» What you need to do
A verbatim copy is needed of the lines below from the one containing "Choker withe red" up to and including the one containing "APPLE iPAD AIR, 32GB, Wi-Fi, SPACE", excluding pictures.

──────────

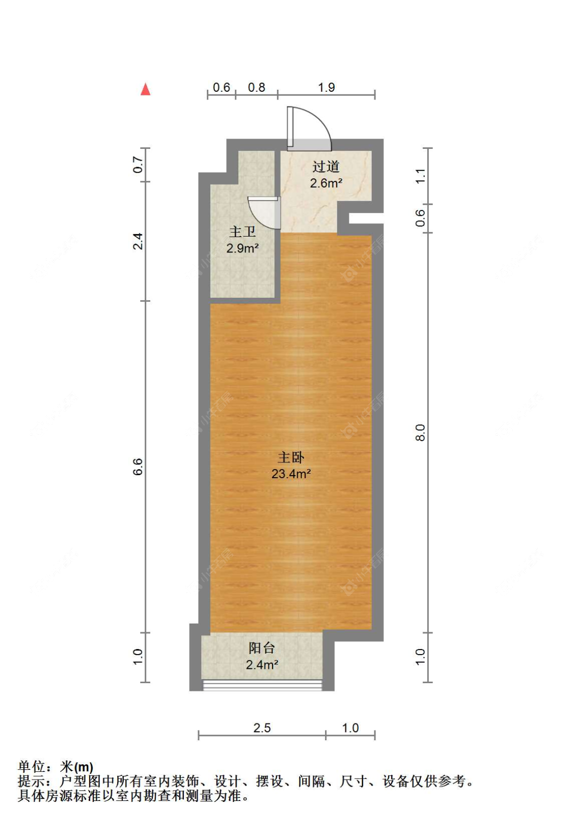 面积38.2㎡ | 南 | 1室1厅1卫
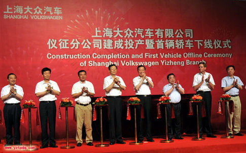 揚(yáng)州網(wǎng)綜合報(bào)道 今天上午十一點(diǎn),上海大眾汽車有限公司儀征分公司舉行建成投產(chǎn)暨首輛轎車下線儀式。江蘇省委書記羅志軍,省長李學(xué)勇、省委常委、秘書長樊金龍,副省長張衛(wèi)國、揚(yáng)州市委書記謝正義、市長朱民陽等領(lǐng)導(dǎo)出席儀式并剪彩,共同為首輛轎車下線進(jìn)行啟動(dòng)。
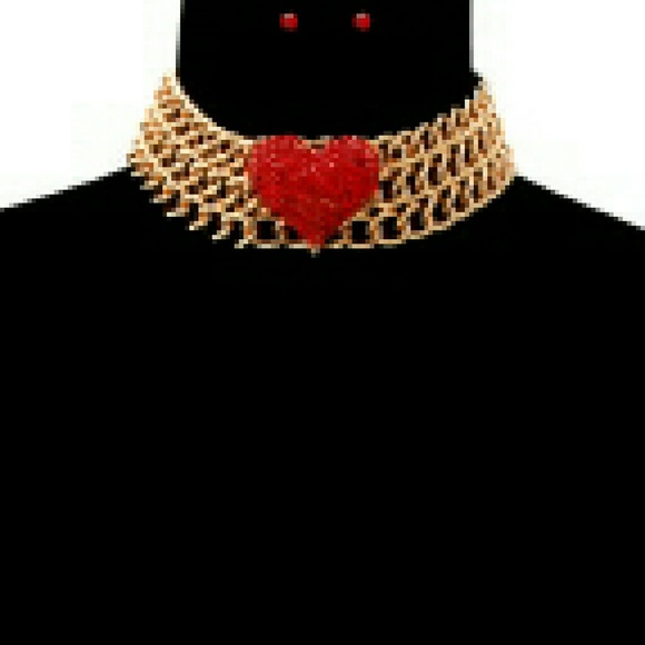Choker withe red heart/crystal stones/and crystal stone post earrings
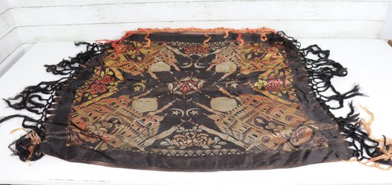 a 32" x 35" vintage silk-style tapestry textile featuring an intricate Middle Eastern-inspired design with mosques, crescent moons, stars, and floral motifs. The piece is richly colored in gold, red, and tan against a deep black background, creating a striking decorative look.
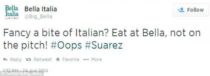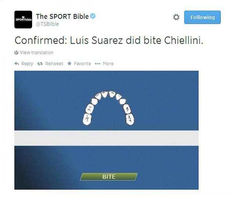 Gisteren was het weer prijs. Luis Suàrez beet Chiellini in de schouder maar ontliep een rode kaart omdat de scheidsrechter het gemist had. De miljoenen toeschouwers en duizenden camera's hadden het wel gezien en nog geen minuut later explodeerden Twitter en andere social media. Supporters en voetballiefhebbers die vol ongeloof zich afvroegen of hij het echt wel gedaan had, tweetten er lustig op los. Een paar minuten later waren de eerste grapjes daar en nu een dag later bieden wij jouw de allerbeste grapjes aan. Deze ingevingen vonden wij even geniaal als hilarisch. We trappen af met een filmpje die de geschiedenis van de bijtgrage Luis uitlegt: https://www.youtube.com/watch?v=Y2pUU2valTE Ook de FIFA heeft dankzij de nieuwe technologie waar ze graag mee uitpakken, kunnen bevestigen dat er werd gebeten Suàrez krijgt na zijn trofee voor beste speler van de Premier League nog een andere Restaurants in Engeland en Italië spelen handig in op de gratis publiciteit Snickers verandert zijn hilarische reclame en geeft een hoofdrol aan de Uruguayaan En de nieuwe Panini-stickers van Suàrez en Chiellini zijn ook al gearriveerd
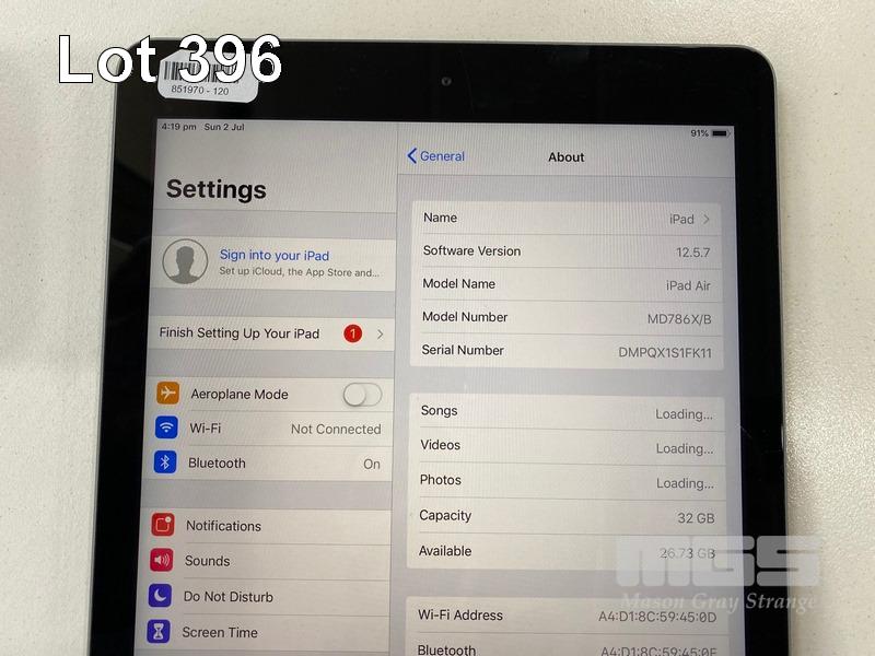 APPLE iPAD AIR, 32GB, Wi-Fi, SPACE GREY, MODEL A1474, MD786X/B (NO CABLE, NO CHARGER) S/N:DMPQX1S1FK11
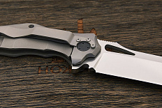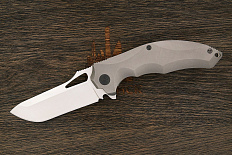 Складной нож оригинальной формы для EDC (Every Day Carry) ношения. Клинок формы drop-point имеет небольшую горбинку на обухе с насечкой, предотвращающей соскальзывание пальца при упоре. Раскрытие ножа производится за плавник, выступающий над спинкой рукоятки в закрытом виде и выполняющий роль подпальцевого упора в раскрытом. Осевой узел оборудован керамическими подшипниками, обеспечивающими плавное и легкое открывание. Фиксацию клинка в раскрытом состоянии обеспечивает механизм Liner Lock, а установленный в нем шарик детента защищает от случайного выбрасывания. Рукоятка выполнена в виде накладок из текстурированного композита и оборудована правосторонней клипсой для крепления при ношении в кармане.
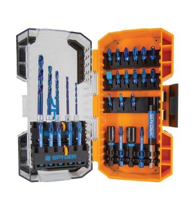 - The 30-piece Spyder Mach-Blue™ Impact Drill and Driver Bit Kit features extreme metal-drilling bits and Tough Tip Technology driver bits
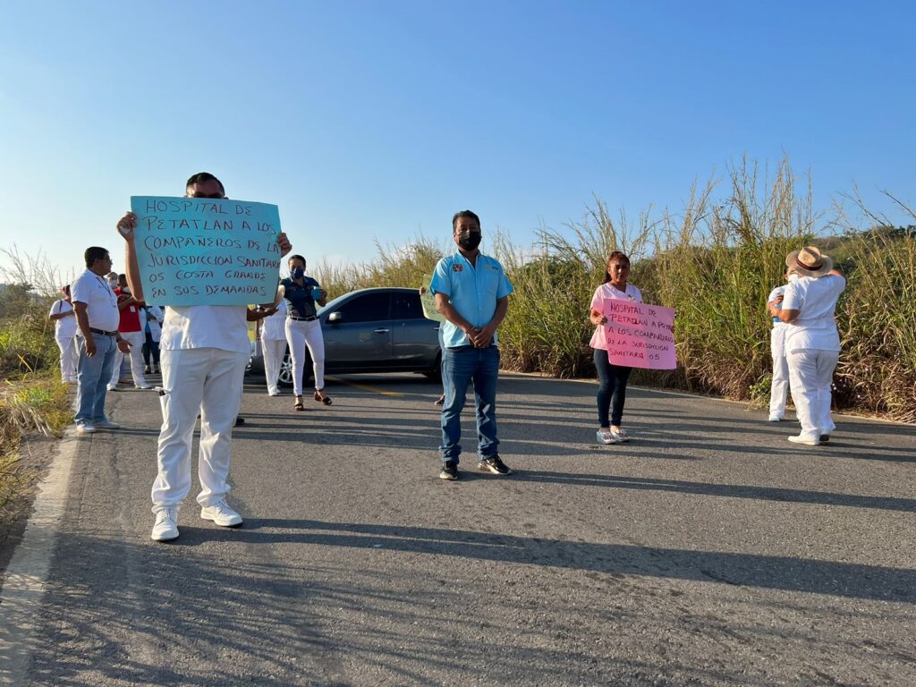 Desde las 8:00 horas los trabajadores pararon labores y además realzaron bloqueos en la carretera Zihuatanejo-Lázaro Cárdenas, entronque de le La Unión y en la Acapulco-Zihuatanejo frente al Hospital Básico Comunitario de Petatlán.
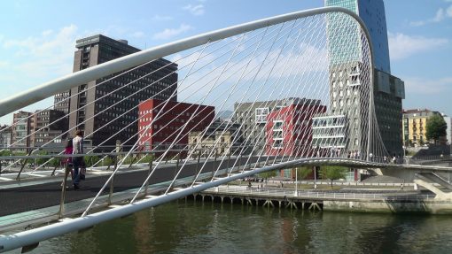 Zubizuri (White Bridge), the popular pedestrian bridge over the Nervion River. Architect Santiago Calatrava.
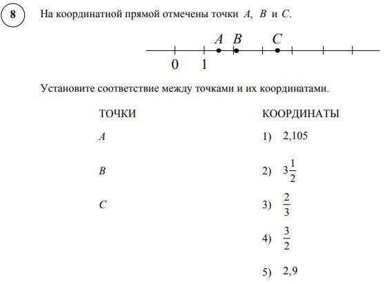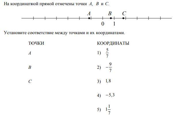 8) На координатной прямой отмечены точки , A B и C. Установите соответствие между точками и их координатами. В таблице под каждой буквой укажите номер соответствующей координаты. Cм. на фото
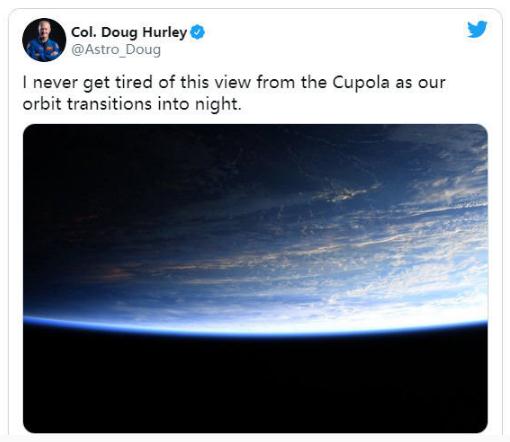 美國(guó)當(dāng)?shù)貢r(shí)間周四,赫爾利發(fā)布了一張地球從白天過(guò)渡到黑夜的照片,顯示其處于半明半暗狀態(tài)。這張圖片以給人以平和的印象,沒(méi)有任何跡象表明新冠疫情或美國(guó)非洲裔男子喬治·弗洛伊德(George Floyd)在警察執(zhí)法暴力過(guò)程中遇難引發(fā)的社會(huì)動(dòng)蕩。
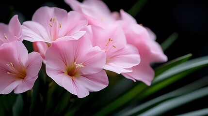 Delicate pink belladonna lily flowers in bloom against dark background, with soft petals and prominent stamens creating romantic floral composition.
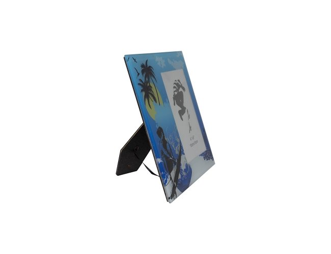 Porta retrato com frente de vidro e parte traseira (apoio) revestida de veludo.

──────────

» Finished exercise
Choker withe red heart/crystal stones/and crystal stone post earrings
 a 32" x 35" vintage silk-style tapestry textile featuring an intricate Middle Eastern-inspired design with mosques, crescent moons, stars, and floral motifs. The piece is richly colored in gold, red, and tan against a deep black background, creating a striking decorative look.
 Gisteren was het weer prijs. Luis Suàrez beet Chiellini in de schouder maar ontliep een rode kaart omdat de scheidsrechter het gemist had. De miljoenen toeschouwers en duizenden camera's hadden het wel gezien en nog geen minuut later explodeerden Twitter en andere social media. Supporters en voetballiefhebbers die vol ongeloof zich afvroegen of hij het echt wel gedaan had, tweetten er lustig op los. Een paar minuten later waren de eerste grapjes daar en nu een dag later bieden wij jouw de allerbeste grapjes aan. Deze ingevingen vonden wij even geniaal als hilarisch. We trappen af met een filmpje die de geschiedenis van de bijtgrage Luis uitlegt: https://www.youtube.com/watch?v=Y2pUU2valTE Ook de FIFA heeft dankzij de nieuwe technologie waar ze graag mee uitpakken, kunnen bevestigen dat er werd gebeten Suàrez krijgt na zijn trofee voor beste speler van de Premier League nog een andere Restaurants in Engeland en Italië spelen handig in op de gratis publiciteit Snickers verandert zijn hilarische reclame en geeft een hoofdrol aan de Uruguayaan En de nieuwe Panini-stickers van Suàrez en Chiellini zijn ook al gearriveerd
 APPLE iPAD AIR, 32GB, Wi-Fi, SPACE GREY, MODEL A1474, MD786X/B (NO CABLE, NO CHARGER) S/N:DMPQX1S1FK11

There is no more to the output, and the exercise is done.